The new implementation above includes options to enable MessagePack for serialization/deserialization, snappy for compression, and the ability to reduce the precision of numerical fields in the model input. We'll try out each option individually.

### MessagePack Serialization

An alternative serialization format is [MessagePack](https://msgpack.org/index.html). This format is a binary serialization format designed for small and efficient and flexible serialization. 

To enable MessagePack, we'll instantiate the decorator setting the "serder" option to "MessagePack". We'll use a prefix to separate the cache entries that use MessagePack from the other cache entries.

In [39]:
msgpack_caching_decorator = RedisCachingDecorator(host="localhost", 
                                                  port=6379,
                                                  database=0,
                                                  prefix="msgpack",
                                                  serder="MessagePack")

mspgpack_decorated_model = msgpack_caching_decorator.set_model(model)

The first time we make a prediction, the model will be used and the prediction will get serialized to MessagePack and saved to the cache.

In [40]:
model_input = InsuranceChargesModelInput(
    age=55, 
    sex=SexEnum.female,
    bmi=25.0,
    children=4,
    smoker=False,
    region=RegionEnum.northwest)

prediction = mspgpack_decorated_model.predict(model_input)

prediction

InsuranceChargesModelOutput(charges=15113.29)

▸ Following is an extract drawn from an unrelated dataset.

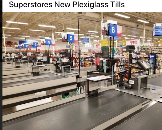 Below are photos of the new plexiglass barriers being installed by Loblaws in Superstore locations:

The second time we make a prediction, the cache entry will be used instead.

In [41]:
model_input = InsuranceChargesModelInput(
    age=55, 
    sex=SexEnum.female,
    bmi=25.0,
    children=4,
    smoker=False,
    region=RegionEnum.northwest)

prediction = mspgpack_decorated_model.predict(model_input)

prediction

InsuranceChargesModelOutput(charges=15113.29)

The MessagePack format works, now we'll do some testing to see if it improves the serialization/deserialization performance.

As before, we'll make the predictions on the samples to fill in the cache with predictions. We'll be using the 1000 samples generated above to keep the comparison fair.

In [42]:
msgpack_total_seconds = timeit.timeit("[mspgpack_decorated_model.predict(sample) for sample in samples]", number=1, globals=globals())

In [43]:
msgpack_seconds_per_sample = msgpack_total_seconds / 1000.0
msgpack_milliseconds_per_sample = msgpack_seconds_per_sample * 1000.0

md("The model that uses MessagePack took {} seconds to perform 1000 predictions the first time that it saw "
   "the prediction inputs. The model takes about {} milliseconds to make a prediction.".
   format(round(msgpack_total_seconds, 3), 
          round(msgpack_seconds_per_sample, 4), 
          round(msgpack_milliseconds_per_sample, 3)))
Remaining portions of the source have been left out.